Task to complete:
When writing out the listing below, reproduce every word exactly and skip the pictures.

##### The data #####

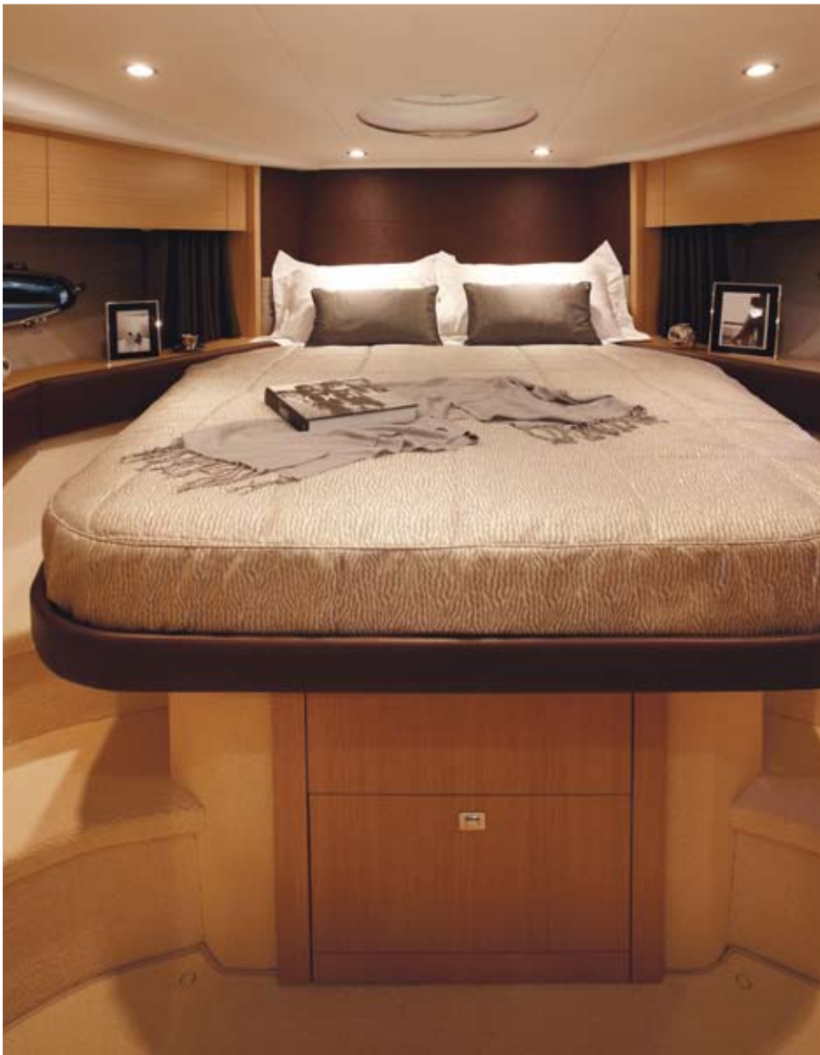
Helm • Owner's Suite • Saloon
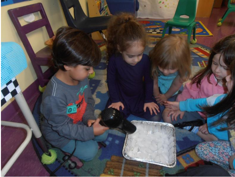
For the letter "I" we made Ice cream and Insects.
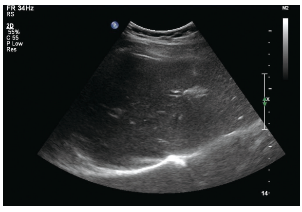
Figure 1. Abdominal ultrasonograph showing a prominent periportal interstitial echogenicity, suggesting hepatitis.

#####

Answer to this task:
Helm • Owner's Suite • Saloon
For the letter "I" we made Ice cream and Insects.
Figure 1. Abdominal ultrasonograph showing a prominent periportal interstitial echogenicity, suggesting hepatitis.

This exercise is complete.